Of course, if your PRNG never returns 1 in its output, it's safe to just do max + 1. :)

Here's an illustration:

repl.it/@KrofDrakula/safeRandom

Python:

import random
random.randint(0, 10)

Ruby:

rand(11)

Go:

import "math/rand"

func main() {
    rand.Intn(11)
}

None of these are cryptographically secure though

Python has a few options, including the numpy module. Regardless of language, however, it often only takes a ~20 lines to define a pseudo-random (in numerical math we avoid saying "random") number generator method. Here is an implementation of the so-called Mersenne twister:

def rando(n, seed, S = [0, 10, 'integer']):
    i = int(16807)
    j = int(2147483647)
    u_list = []
    if S[2] == 'real':
        for k in range(n):
            seed = (i * seed) % j
            u = (S[1] - S[0]) * (float(seed) / float(j)) + S[0]
            u_list.append(u)
        return u_list
    elif S[2] == 'integer':
        for k in range(n):
            seed = (i * seed) % j
            u = int((S[1] - S[0] + 1) * (float(seed) / float(j)) + S[0])
            u_list.append(u)
        return u_list
    else:
        print('Set of numbers to draw from is undefined')

In this method, we declare two integers, i (16807 = 7^5), and j (the Mersenne prime). In specifying the arguments n (number of psuedo-random numbers desired), seed (for repeatability of the pseudo-random numbers), and S (min, max, types to be generated), what is repeatedly happening (depending on n) is that we are taking the remainder of (seed * i) and j, and dividing by j; over and over. This implementation of the Mersenne Twister is good for about 2³⁰ random numbers before it repeats itself. :)

APL:

⍝ `? n` generates random number between 1 and n, both inclusive
(? 10) -1
⍝ If we need more than 1 number, use `⍴` function like:
(? 4⍴ 10) -1
⍝ In above code, x⍴y gives you an array of y's of length x

I am a beginner in this language but it is fascinating at how succinct and elegant some constructs are.

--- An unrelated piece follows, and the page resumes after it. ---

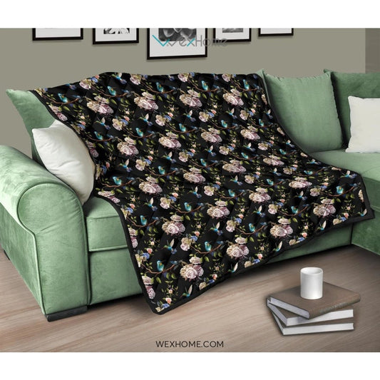 Hummingbird Pattern Print Design 02 Premium Quilt

Others responded on-topic, so I would add an off-topic :)

I do not build a JS project without Lodash (or something similar), it covers the basic needs and lacks of JS, acting like a Standard library in other languages. A few of them are related to random

_.random([lower=0], [upper=1], [floating])

_.sample(collection) //get a random element
_.sampleSize(collection, [n=1])

But, statistically speaking, taking a float random and truncating it to just a small integer range it's like buying a Ferrari for commuting, just saying :D Most of the times is a waste of resources.

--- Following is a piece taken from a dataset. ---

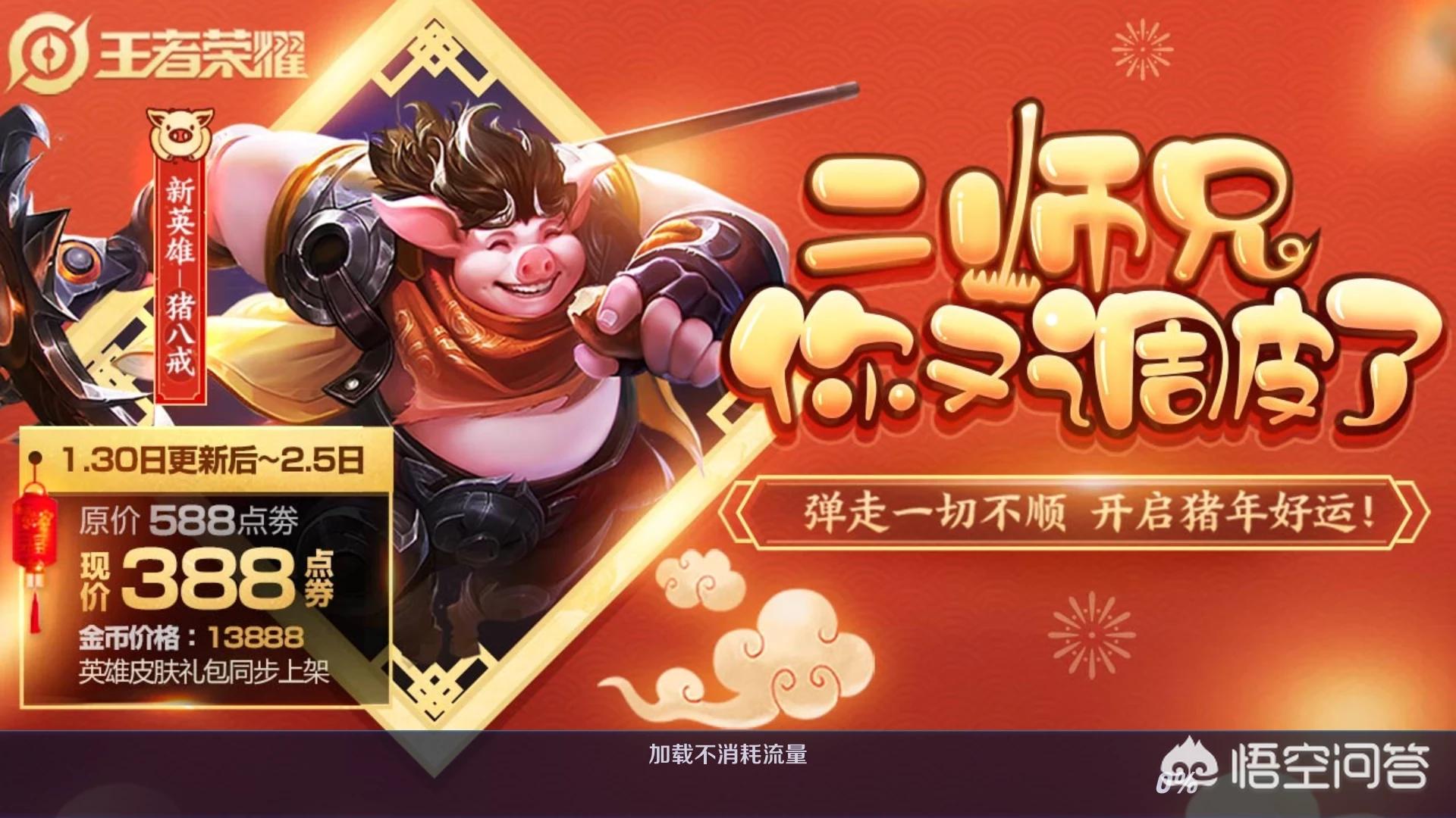 我们在回过头来看一下猪八戒,这个英雄猪八戒,这个英雄现在是1月30日更新之后一直到2月5号,原价588点卷,现价只卖388点卷,所以说她为了卖这个英雄,肯定会让猪八戒加强强势。所以在短时间内猪八戒并不会得到消弱。如果过了春节之后,可能就会面临着消弱的问题。

Devs should be more careful at the distributions, most of the cases the code will be used for a few values and a small range of values, which will lead to very not-so-random results.

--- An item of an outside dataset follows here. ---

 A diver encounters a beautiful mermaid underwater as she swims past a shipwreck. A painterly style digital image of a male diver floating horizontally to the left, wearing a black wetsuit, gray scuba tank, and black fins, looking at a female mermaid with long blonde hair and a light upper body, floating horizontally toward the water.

If the random results will affect the User Experience you should think twice of using it, the screwed distribution will affect your sales and KPIs in unknown ways, most likely negative, and there are always better alternatives, that require more resources to implement of course.

In PL/SQL:

A random number.

select DBMS_RANDOM.random from dual;
--Result: -860942438

A random round number.

select round(DBMS_RANDOM.random) from dual;
--Result: 1096364454

A random number between two values.

select round(DBMS_RANDOM.value(0, 100)) from dual;
--Result: 54

From a terminal can be(no for encrypt things):

> shuf -i 0-10 -n 1
4
>